だから、オフィス内でも 恋愛をした事は一回もない。
もう10年も経ったというのに―――。
でも彼は、私のことを覚えてくれているだろうか?
もしかすると 忘れて、見ても認識してくれないかも知れない。
もう見た目も変わり果てているし、それも当たり前か___。
「(はぁ………、会いたい、会いたいよ____っ。)」
「(松中っ、爽牙くんに合わせて下さいっ…!ミッションクリアしたんだから、良いでしょ?)」
私がそんな無理を考えていると、どこかからか懐かしい声が聞こえる気がした。
前に聞いた事のある、覚えやすい声―――、
どこで聞いたかは思い出せず、また現実に戻ることになってしまった。
そして仕事に取り付こうとして 廊下を素早く歩いていると、一人の男性とぶつかってしまった。

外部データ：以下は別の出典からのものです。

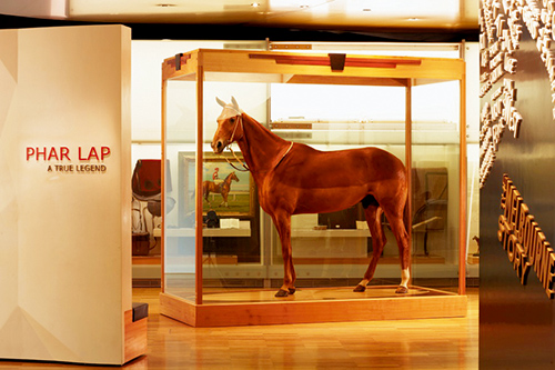 一匹馬到底能如何傳奇?可能大部分人想的不過(guò)就是得過(guò)多少次冠軍之類而已。如果說(shuō)他能傳奇到有以他命名的街道以及各類文化遺產(chǎn)呢?在悉尼、加州、奧克蘭、惠靈頓等地均有以“快如閃電”(Phar Lap)命名的街道;他是澳洲賽馬名人堂和新西蘭賽馬名人堂的五位創(chuàng)始入選者之一;他的心臟、標(biāo)本和骨骼遺體分別被澳洲國(guó)立博物館、新西蘭國(guó)立博物館以及墨爾本博物館所保留并展出…… “快如閃電”是一匹生于新西蘭訓(xùn)于澳洲的馬,其名字源于壯語(yǔ)和泰語(yǔ),意思是閃電。當(dāng)時(shí)一位叫 Aubrey Ping 的年輕醫(yī)學(xué)院學(xué)生經(jīng)常去看賽馬,也喜歡跟騎師和練馬師們聊天,而他來(lái)自中國(guó)的爸爸恰好會(huì)說(shuō)壯語(yǔ)。攀談間練馬師 Harry Telford 知道了這個(gè)壯語(yǔ)詞。這個(gè)詞原本的寫法應(yīng)該是“farlap”, 而 Harry 為 了 遵 循當(dāng)時(shí)墨爾本杯冠軍馬的名字規(guī)律,用“Ph”代替了“f”,湊成 7 個(gè)字母然后分成兩個(gè)詞,就成為了后來(lái)的“Phar Lap”。 “快如閃電” 1926 年出生于新西蘭南島提馬魯附近的 Seadown,同父系(Night Raid)的兄弟中也出了不少名馬,包括墨杯冠軍Nightmarch。 當(dāng) 初 澳 洲 練 馬 師Harry 在看拍賣目錄時(shí)也是押在了系譜上。在多番游說(shuō)之后,Harry終于找到感興趣的商人 David J. Davis。David 同意開價(jià)到 190 堅(jiān)尼,Harry 就讓在新西蘭的兄弟Hugh Telfold 幫忙,說(shuō) “只要有頭和四條腿就拍下吧”,最后僅以 160 堅(jiān)尼的低價(jià)拍下了當(dāng)時(shí)編號(hào)為 41 的“快如閃電”。 實(shí)際上無(wú)論是 David 還是 Harry,一直到“41 號(hào)”被運(yùn)到澳洲之前,都沒有親眼見過(guò)他,他們當(dāng)時(shí)還沉浸在以低價(jià)拍下的驚喜當(dāng)中。然而他們的初見只有驚沒有喜。Harry看到這匹大卻纖瘦、臉上有疣、步姿怪異的馬時(shí)就意識(shí)到了問題。果然,David 第一眼看到“41 號(hào)”時(shí)幾乎氣瘋,明確地說(shuō)不會(huì)再投資一分錢在這匹馬身上,更不會(huì)出錢訓(xùn)練。當(dāng)時(shí) Harry 手頭拮據(jù),也怕得罪僅有的幾個(gè)客戶,最后只好說(shuō):租用“快如閃電”三年作為訓(xùn)練、飼養(yǎng)等費(fèi)用,期間所有獎(jiǎng)金收入的三分之二將歸他所有。Harry 只能寄希望于“41 號(hào)”的體型和系譜優(yōu)勢(shì),加上長(zhǎng)達(dá) 12 個(gè)月的訓(xùn)練可以有點(diǎn)成績(jī)。然而 Harry 的期許并沒有實(shí)現(xiàn),“41 號(hào)”在注冊(cè)為“快如閃電”后出戰(zhàn)的首場(chǎng)比賽中,以最后一名沖線,在緊接著的三場(chǎng)比賽中也沒有取得任何名次。 就在 David 準(zhǔn)備放棄“快如閃電”,Harry 也承受不了經(jīng)濟(jì)壓力之際,“快如閃電”在兩歲馬賽季最后一場(chǎng)比賽中以半個(gè)馬位的優(yōu)勢(shì)一舉奪得了冠軍,這一定程度上給了他們一顆定心丸。雖然之后“快如閃電”在三歲賽季同樣開局不利,一開始就輸?shù)袅?8 月份的所有 4 場(chǎng)比賽,但在調(diào)整之后他拿下了湛士福錦標(biāo)賽的亞軍。這幾乎是所有一切的轉(zhuǎn)折點(diǎn)?!翱烊玳W電”在那之后一直狀態(tài)神勇,一連斬獲 4 場(chǎng)冠軍,而在之后的11 場(chǎng)比賽里拿下 9 冠 2 季的驕人成績(jī),僅僅沒有奪得墨爾本錦標(biāo)賽和墨爾本杯冠軍。擁有如此出色的表現(xiàn),“快如閃電”在整個(gè)賽馬圈都受到了重視。 在 1930-1931 賽季“快如閃電”參加的 16 場(chǎng)比賽中,共摘得 14個(gè)連勝冠軍,其中就包括了那個(gè)當(dāng)年 Harry 掛念著的墨爾本杯?!翱烊玳W電”在 1929-1930 賽季首次參加墨杯時(shí)就被列為了“熱門”,接下來(lái)的兩年更成為熱門中的熱門,是唯一連續(xù)三年被墨爾本杯列為“熱門”的賽馬。盡管首年參加墨杯時(shí)沒有拿下冠軍,“快如閃電”在其他比賽中的表現(xiàn)無(wú)比搶眼,在第二年參加墨杯前就刷出 7 連冠的記錄,大家都感覺“快如閃電”已經(jīng)風(fēng)頭正盛勢(shì)不可擋。在墨杯前三天、墨爾本錦標(biāo)賽當(dāng)天,就有人企圖槍殺他,最后以失敗告終。在 1930-1931 賽季墨杯上“快如閃電”熾手可熱,成為了墨杯史上賠率盤口最小、同時(shí)也是唯一在“大熱門”下勝出的賽馬。 在最后一個(gè)賽季中,“快如閃電”基本已經(jīng)獨(dú)步澳洲的比賽,贏下了所有 9 場(chǎng)比賽中的 8 場(chǎng),而輸?shù)舻奈ㄒ灰粓?chǎng),就是墨杯。如果規(guī)則和制度都因他而傾斜,地位可想而知,這時(shí)的“快如閃電”已然成為了“影響平衡”的存在。在這屆的墨杯上,“快如閃電”的讓賽記重已提高到了史無(wú)前例的 68 公斤。盡管他最終輸?shù)袅吮荣?,但所有人都清楚地知道誰(shuí)才是真正的王者。 在“快如閃電”所向披靡的同時(shí),遇到的卻是越來(lái)越大的阻力,無(wú)理的負(fù)重只是明面上的而已。因此David決定從1932年開始帶他轉(zhuǎn)戰(zhàn)美洲。這時(shí)的Harry已經(jīng)成為了“快如閃電”的聯(lián)合馬主,但他不同意也拒絕了一同到美國(guó)。代替Harry的則是“快如閃電”的另一位伯樂,跟他形影不離的 Tommy Woodcock。Tommy 是 第 一個(gè)發(fā)現(xiàn)“快如閃電”喜歡后來(lái)居上的人,而“快如閃電”也曾因 Tommy 被開而絕食。他們的海外

「あっ、ご、ごめんなさいっ!!大丈夫です____ !?」
「あっ…… !?」
私が見たのは―――
爽牙くん、に似た人だった。
「な、なんだ……」
「なんだって何ですか!?」
「あ、ごめんなさい!知人に似てる気がして…」
「あ…」
私がそんな言い訳をすると、彼は急に黙り込んでしまった。
しばらく沈黙が続き、彼はまた話し出した。
「あの――― 僕、爽牙って言うんです。」
「え!?爽牙くん――― あっ、またごめんなさい!知人の名前を同じで―――」
「嘘―― あなたの名前は?」
「静乃です。」
「しっ、静乃―― ミッションクリア…… しました?」
「い、異世界ですか!?」
「紫の貝殻―――」
彼はそう言って、紫色の貝殻を取り出した。
間違いない、見たことのある貝殻だ。
「もしかして―――」
「そそ、そんな馬鹿な―――」
「有り得ない―――」
「でも、爽牙くんだよね…!?」
「そう、だけど…」
すると、急に私の頭の中に あの時の記憶が蘇った。
そう言えばあの時、「一生忘れない」って言われた―――
爽牙くん、ちゃんと覚えてくれてたんだ―――!
「嬉しい、よぉっ……!!!」
「静乃、泣かないで… 僕も泣きそうになる…っ」
そうして私達は、当時とは違う、嬉し涙を流した。
よく見ると、爽牙くんの 当時の面影が残っている気がする。
「静乃。」
「な、に?」
「まだ、愛してるから。愛は、何年経っても褪せない。」
「わ、私だってそうだよ!愛してるもんっ!」
「ふっ、まだ10才の回答だw」
「爽牙くんだってー!」
私達は、こうして思わぬきっかけで再会を果たした。
こんな展開が訪れたのは、あの「松中」が ついに私達の味方になってくれたからかも知れない―――。
と、私は一人で感じていた。
―――もし松中なら……
『最後のミッション:再会する。』
なんて、言っていたのかな。
私はそんな想像をして、ふっと自然な笑いが零れた。